デモはどれもうまく動きます。社内ドキュメントを要約したPoCは印象的でしたし、サポート問い合わせに答えるプロトタイプも実用段階に見えました。ところが実際のCRM、実際の権限モデル、実際のデータに触れた瞬間に、実用段階ではなくなります。

その落差こそが作業の中身です。モデルそのものではありません。モデルはもう簡単な部分です。難しいのは、言語モデルと、認証・レート制限・テナント分離・誰が何を見てよいかについて確固たる仕様を持つシステムとの間にあるすべてです。

提供内容

社内システム向けMCPサーバー

Model Context Protocolは、ツールとデータをAIアシスタントに公開するためのオープン標準で、どのクライアントからでも同じ形で扱えることが特徴です。「アシスタントごとに個別の連携を書かずに、自社システムを使わせるにはどうするか」という問いに対する、現時点で最も実用的な答えになっています。

私たちは、事業を実際に動かしているシステムの上に本番品質のMCPサーバーを構築します。CRM、チケット管理、データウェアハウス、社内API、文書管理、ERP。トークンをハードコードしたデモサーバーではありません。適切な認証、既存システムがすでに強制している権限をそのまま尊重するユーザー単位の認可、マルチテナントの分離、レート制限、構造化ログ、そして呼び出しが失敗したときにモデルにとって意味のある情報を返すエラー設計を備えたものです。

業務特化型AIエージェント

一連の業務を最後までやり切るエージェントを構築します。受信キューのトリアージ、食い違う2つのシステムの突合、人が承認する前提の文書初稿の作成、社内外の情報源にまたがる調査タスク。地味な部分も込みで作ります。リトライ、タイムアウト、コスト上限、書き込みを伴う処理の冪等性、そして取り消しが難しい操作の手前に必ず置く人間の承認ステップです。

自社コンテンツに対する検索・参照

RAGを正しく作るということは、文字数ではなく文書構造を尊重した取り込みとチャンク分割、埋め込みとベクトル検索、純粋なベクトル検索では完全一致を取りこぼすためのキーワードとセマンティックのハイブリッド検索、リランキング、そして回答を検証できるようにする出典引用を意味します。加えて地味な残り半分もあります。元の文書が変わったときにインデックスを最新に保つこと、そしてアクセス制御を守り、そのユーザーが本来開けない文書を検索結果に出さないことです。

業務プロセスとバックオフィスの自動化

すべてにエージェントが必要なわけではありません。
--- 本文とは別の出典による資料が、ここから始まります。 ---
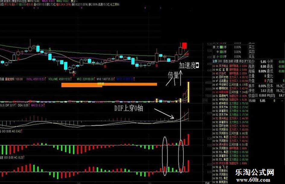 2、最新的柱线从上向下穿越零轴线时就产生了穿越卖出信号;

企業がAIに求めているものの相当部分は、分類、抽出、振り分けです。受信メールを読んで何の用件かを判定する、非構造データから構造化データを取り出す、記述内容をカタログの項目に対応づける。これらはエージェントより安価で、信頼性が高く、評価もしやすい方法です。それが正解である場合は、そちらを構築します。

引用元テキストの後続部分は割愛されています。